WHAT THE EXERCISE ASKS
Would you copy exactly the lines in the data below from the one that has "TOMMY HILFIGER Top" through the one that has "Gold tone and", dropping any pictures?

RECORD EXCERPTS
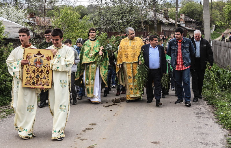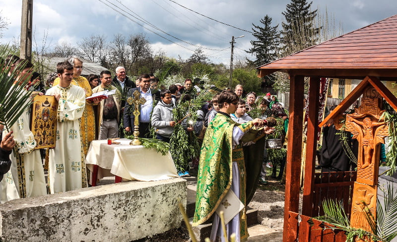 După săvârșirea slujbei Sfintei Liturghii, cei doi preoți, împreună cu primarul şi credincioşii, au pornit în procesiune purtând în mâini icoane, flori şi ramuri verzi de salcie.
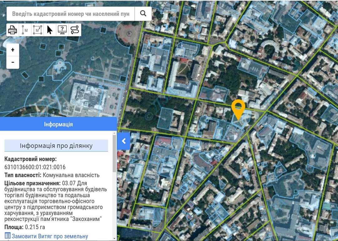 Об это сообщает ХАЦ со ссылкой на кадастровую карту Украины, передает «Главное».
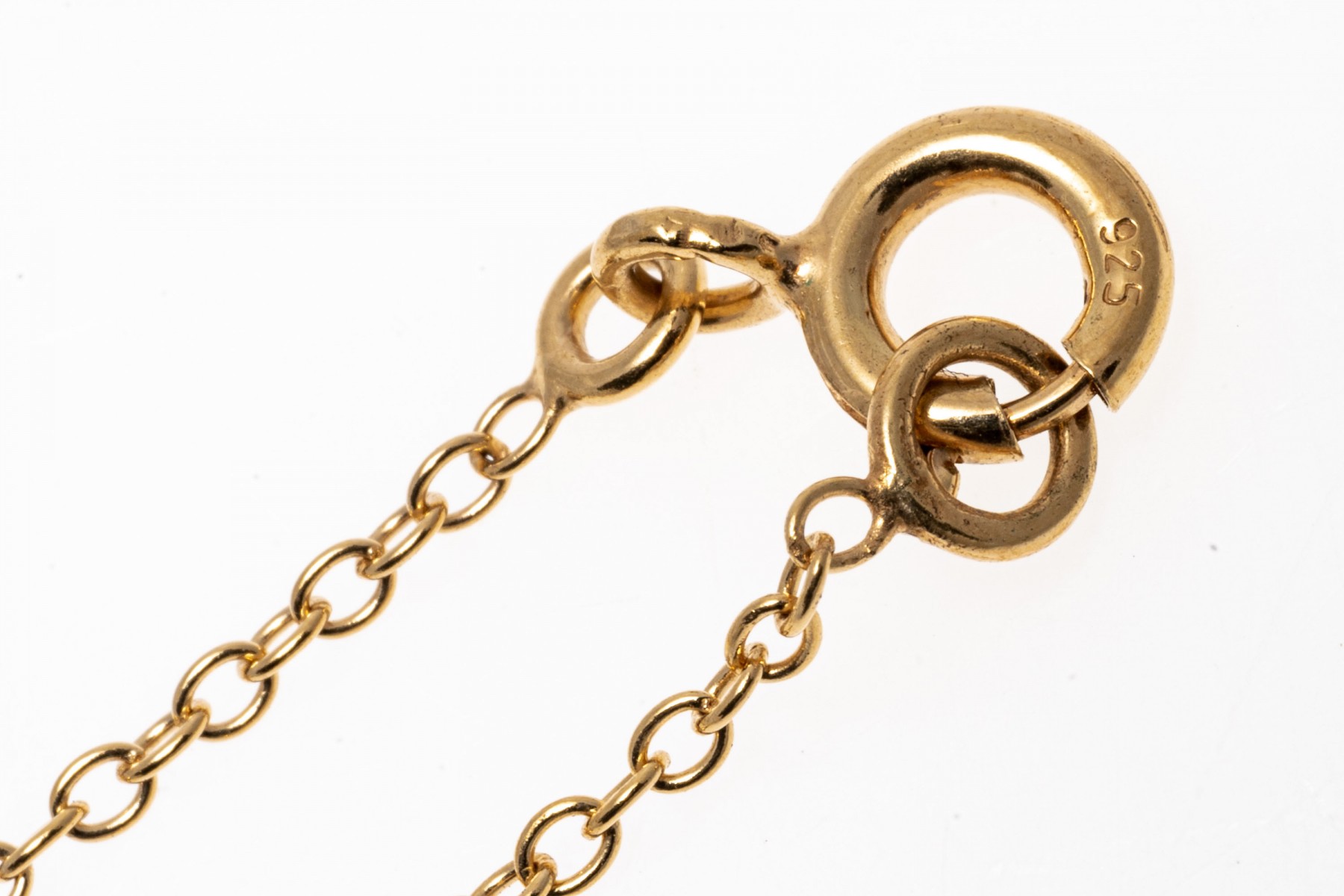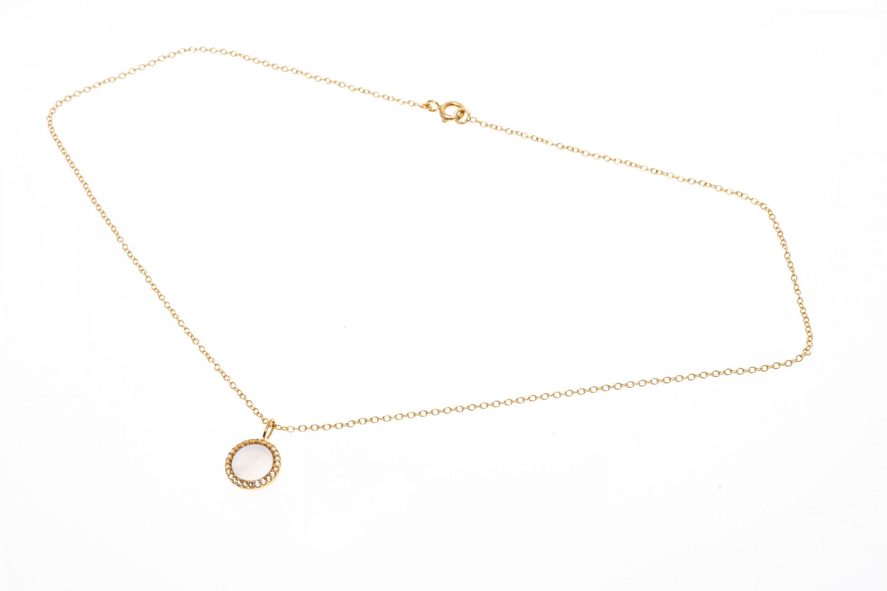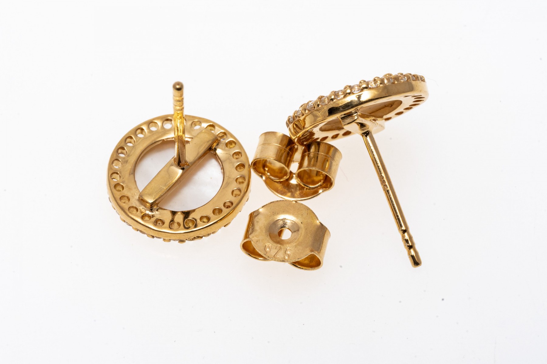 Sterling silver vermeil pendant necklace and earrings set. The necklace displays a pendant disk with mother of pearl surrounded in white topaz, spring ring clasp. The matching earrings also display mother of pearl with in
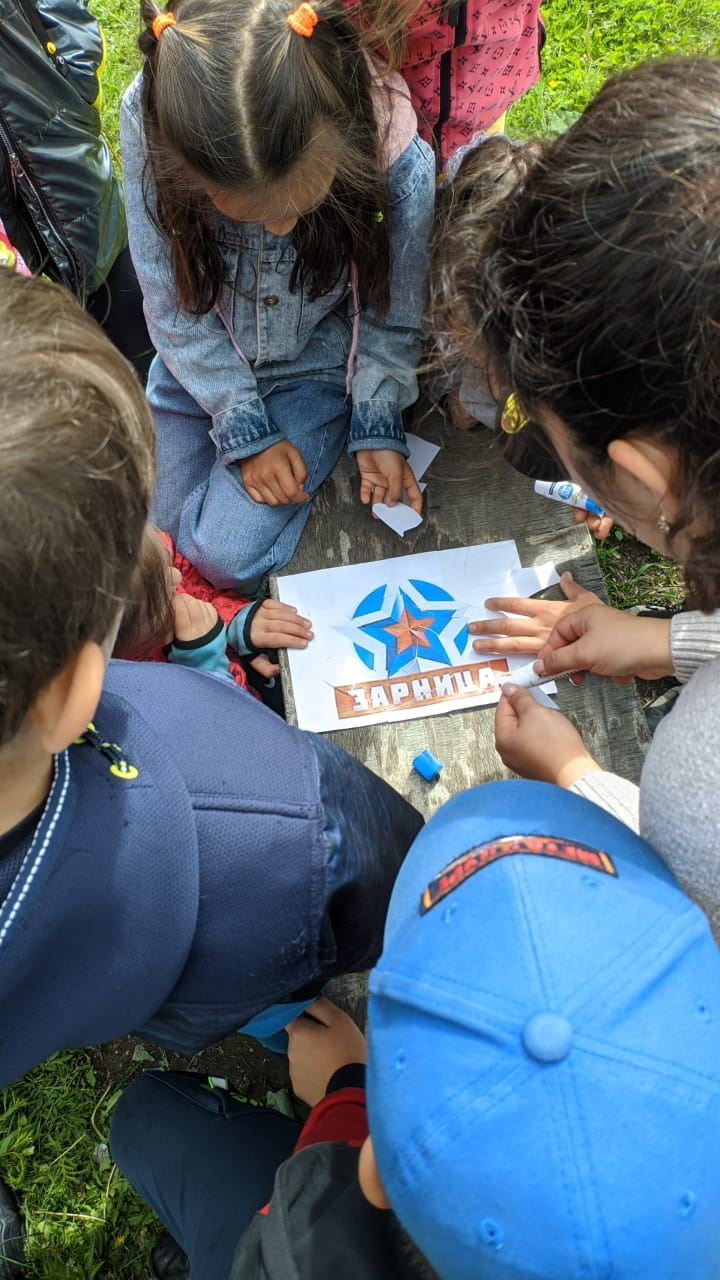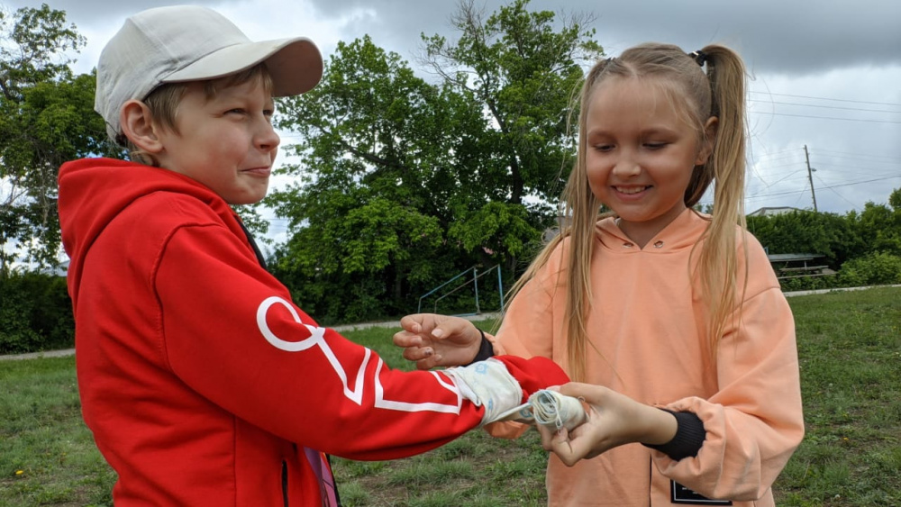 В игре приняли участие 4 команды - 4 отряда "Мечтатели", "Дружные ребята", "220 вольт", " Космические жители". Ребята выполняли этапы "на время" искали мины, метали "гранаты", собирали символику, придумывали и изображали на ватманах боевое знамя своих команд, на импровизированных носилках доставляли раненых в госпиталь и оказывали медицинскую помощь...
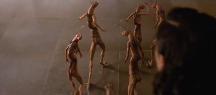 Here, M turns and sees the Worm Guys from the original two MIB films. These sorry little ingrates were some of my favorite characters of the original trilogy.
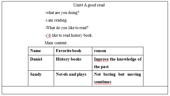 Ask students to do a survey on “what do you like to read and why”in a group of four ,then choose some repoters to report.
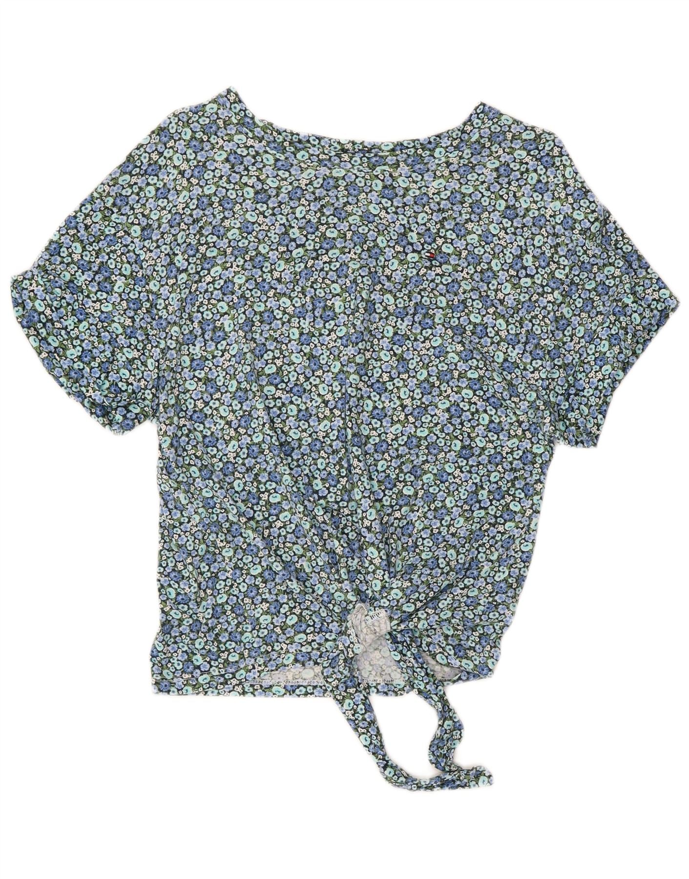 TOMMY HILFIGER Top corto da donna in camicetta UK 10 piccolo cotone floreale blu
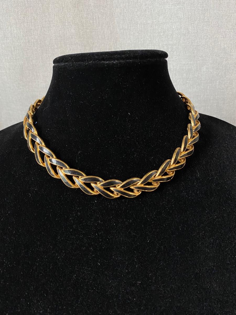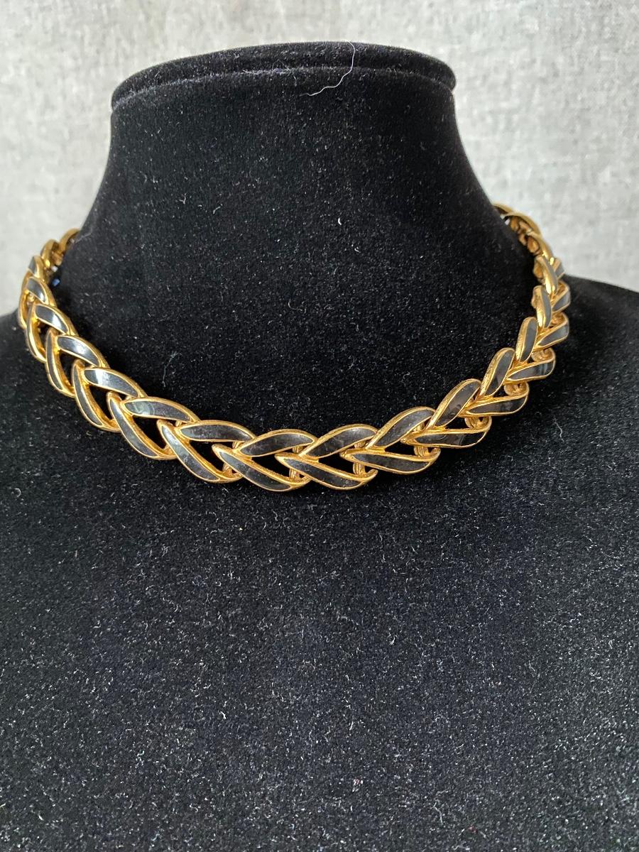 Gold tone and black enamel choker style necklace from Napier. Good worn condition, light signs of use.
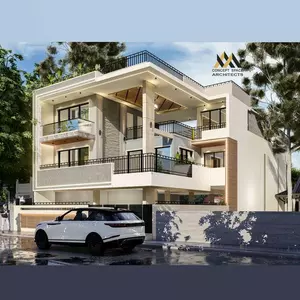 This thoughtfully designed bungalow by Concept Space Architects is tailored for a joint family living together across two generations. Nestled in the serene surroundings of Gautam Buddha Nagar, UP, the home is embraced by lush green pastures and flanked by green belts to the south and east. The design reflects a commitment to functionality, aesthetics, and minimalism, embodying a lifestyle of simplicity and grandeur. The open, spacious layout incorporates modern luxuries while maintaining a clutter-free environment. It features exclusive areas for intimate gatherings and family functions, complemented by a terrace garden with a swimming pool, perfect for relaxation and socializing. The elevation showcases a harmonious blend of modern design with traditional elements, utilizing an interplay of levels to enhance its visual appeal. This residence stands as a testament to refined living, combining elegance with practicality to create a home that truly resonates with its inhabitants' values and aspirations. This thoughtfully designed bungalow by Concept Space Architects is tailored for a joint family living together across two generations. Nestled in the serene surroundings of Gautam Buddha Nagar, UP, the home is embraced by lush green pastures and flanked by green belts to the south and east. The design reflects a commitment to functionality, aesthetics, and minimalism, embodying a lifestyle of simplicity and grandeur. The open, spacious layout incorporates modern luxuries while maintaining a clutter-free environment. It features exclusive areas for intimate gatherings and family functions, complemented by a terrace garden with a swimming pool, perfect for relaxation and socializing. The elevation showcases a harmonious blend of modern design with traditional elements, utilizing an interplay of levels to enhance its visual appeal. This residence stands as a testament to refined living, combining elegance with practicality to create a home that truly resonates with its inhabitants' values and aspirations.
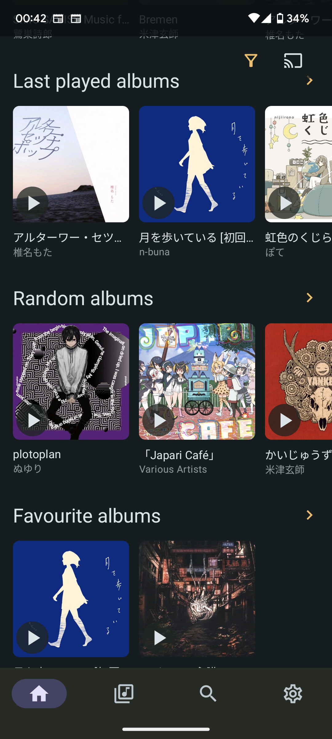 数分でスキャンが完了してアートワークが並び始める.
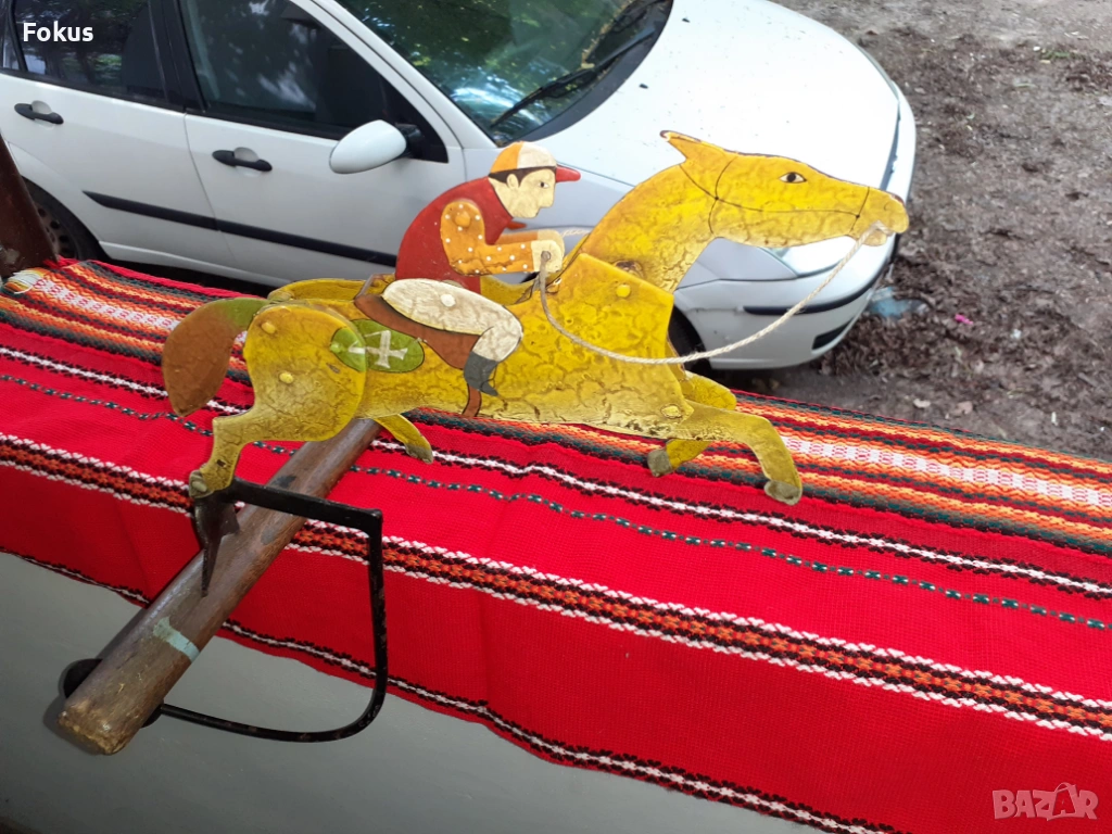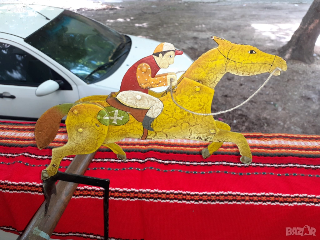 Като се залюлее махалото, жокея и коня стават като живи, започват да се движат имитирайки езда. Липсва стойката.
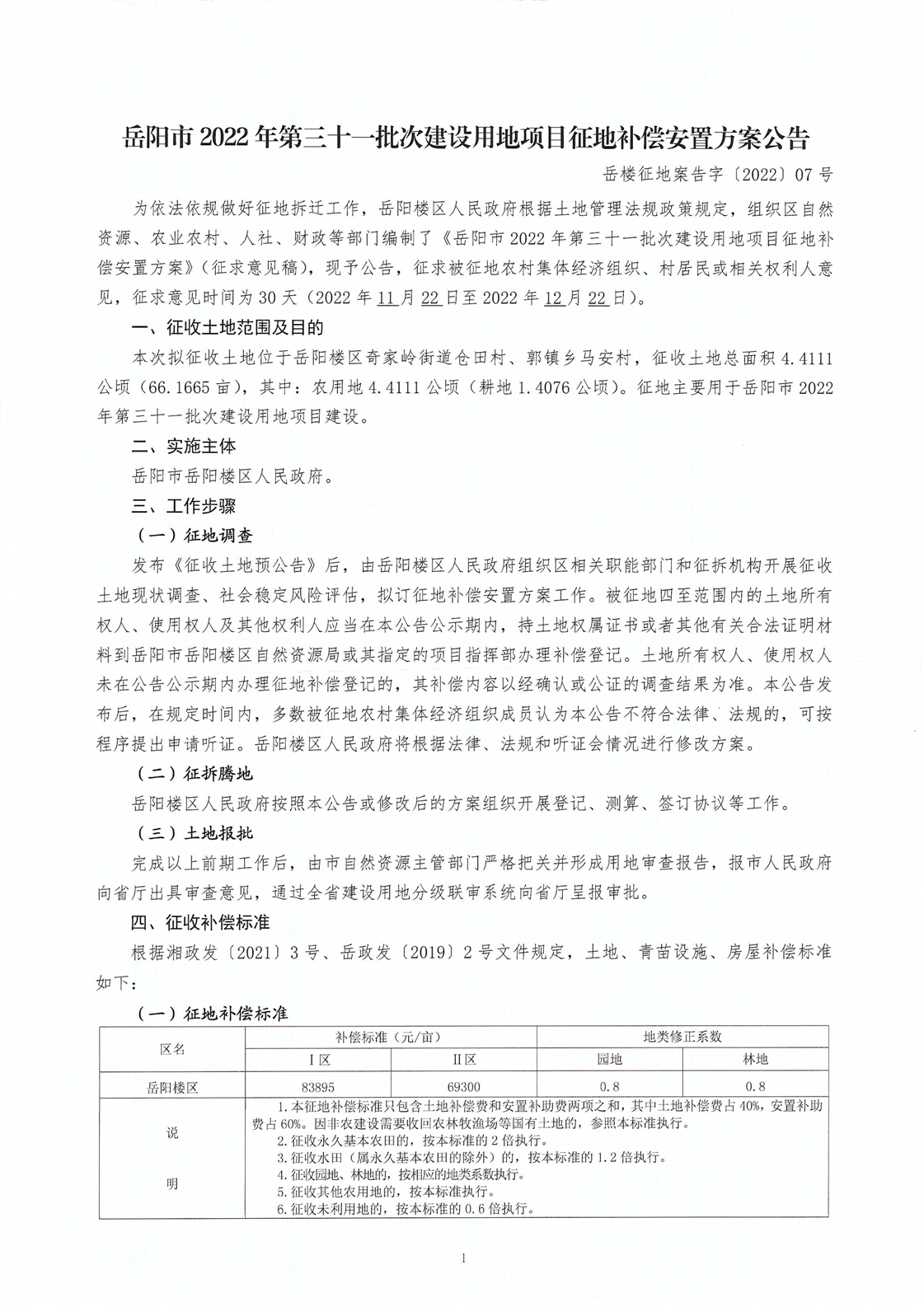 岳阳市2022年第三十一批次建设用地项目征地补偿安置方案公告

OUTPUT BELOW
 TOMMY HILFIGER Top corto da donna in camicetta UK 10 piccolo cotone floreale blu
 Gold tone and black enamel choker style necklace from Napier. Good worn condition, light signs of use.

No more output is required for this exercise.